Gary L. Palmer v. Marion S. Barry, Jr., Mayor

894 F.2d 449, 282 U.S. App. D.C. 290, 1990 U.S. App. LEXIS 1110, 52 Empl. Prac. Dec. (CCH) 39,611, 51 Fair Empl. Prac. Cas. (BNA) 1867, 1990 WL 5777
CourtCourt of Appeals for the D.C. Circuit
DecidedJanuary 30, 1990
Docket89-7016
StatusPublished
Cited by9 cases

This text of 894 F.2d 449 (Gary L. Palmer v. Marion S. Barry, Jr., Mayor) is published on Counsel Stack Legal Research, covering Court of Appeals for the D.C. Circuit primary law. Counsel Stack provides free access to over 12 million legal documents including statutes, case law, regulations, and constitutions.

Bluebook
Gary L. Palmer v. Marion S. Barry, Jr., Mayor, 894 F.2d 449, 282 U.S. App. D.C. 290, 1990 U.S. App. LEXIS 1110, 52 Empl. Prac. Dec. (CCH) 39,611, 51 Fair Empl. Prac. Cas. (BNA) 1867, 1990 WL 5777 (D.C. Cir. 1990).

Opinion

Opinion for the Court filed by Circuit Judge EDWARDS.

HARRY T. EDWARDS, Circuit Judge:

This case arises under Title VII of the Civil Rights Act of 1964, 42 U.S.C. § 2000e (1982) (“Title VII”). The appellee, Gary L. Palmer, a former Battalion Chief with the District of Columbia Fire Department (“Fire Department”), claims that the appellants, several high-ranking officials of the District of Columbia (the “District”), unlawfully discriminated against him from 1982 through his retirement in August of *450 1985, by failing to promote him to the rank of Deputy Fire Chief. In pursuit of this claim, Palmer first filed a charge of discrimination with the Equal Employment Opportunity Commission (“EEOC”) on December 9, 1985; he then filed a complaint in the District Court on May 14, 1987.
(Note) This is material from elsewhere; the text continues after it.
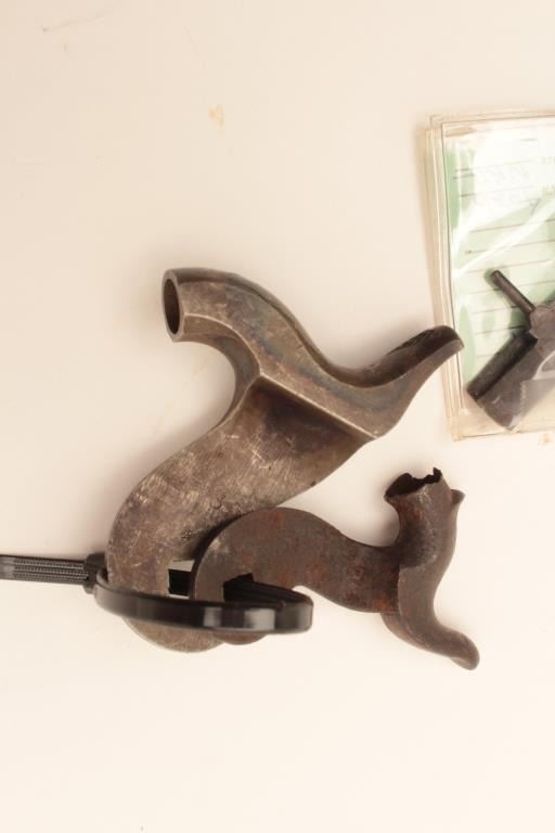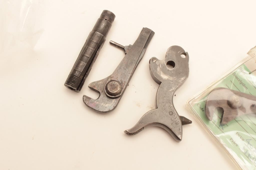Lot of tools and parts as described; 1. 2 1879 combo tools for Springfield and Colt single action. Both are very good to almost fine. 2. Shell extractor for Springfield trapdoor3. Colt black powder Single Action hammer 4. Case hardened musket hammer. Near fine 5. American percussion hammer. Good condition Est:$150-300

After a two-day trial, the District Court found that the District had discriminated against Palmer, and awarded him back pay and interest for the period from 1982 through his retirement. In reaching this result, however, the trial judge appeared to find that the District’s discriminatory treatment of Palmer ceased after mid-1984. If so, then — as the District argues on appeal — Palmer may have filed his EEOC charge outside of the time limit required by 42 U.S.C. § 2000e-5(e) (1982). 1

Because we cannot discern the District Court’s findings on certain critical facts, we are unable to assess the merits of the District’s argument on timeliness. Accordingly, we must remand the case for further proceedings.

I. BACKGROUND

A. Factual

This case concerns promotions within the District of Columbia Fire Department during a period extending from 1982 through August 30, 1985. The parties’ pretrial stipulations indicate that, from 1982 until August 30, 1985, the Fire Department consisted of six divisions. Each division had one Deputy Chief, with the exception of the Communications Division, which had no Deputy Chief, and the Firefighting Division, which had three Deputy Chiefs (one for each of three shifts). In all, there were seven Deputy Chiefs during the cited time period. Only the Fire Chief and two Assistant Fire Chiefs ranked above the Deputy Chiefs in the Fire Department hierarchy. Battalion Chiefs, of which there were more than thirty, ranked just below the Deputy Chiefs. All appointments to the positions of Battalion Chief, Deputy Chief and Assistant Fire Chief were made by the Mayor (or his designee) on advice from the Fire Chief.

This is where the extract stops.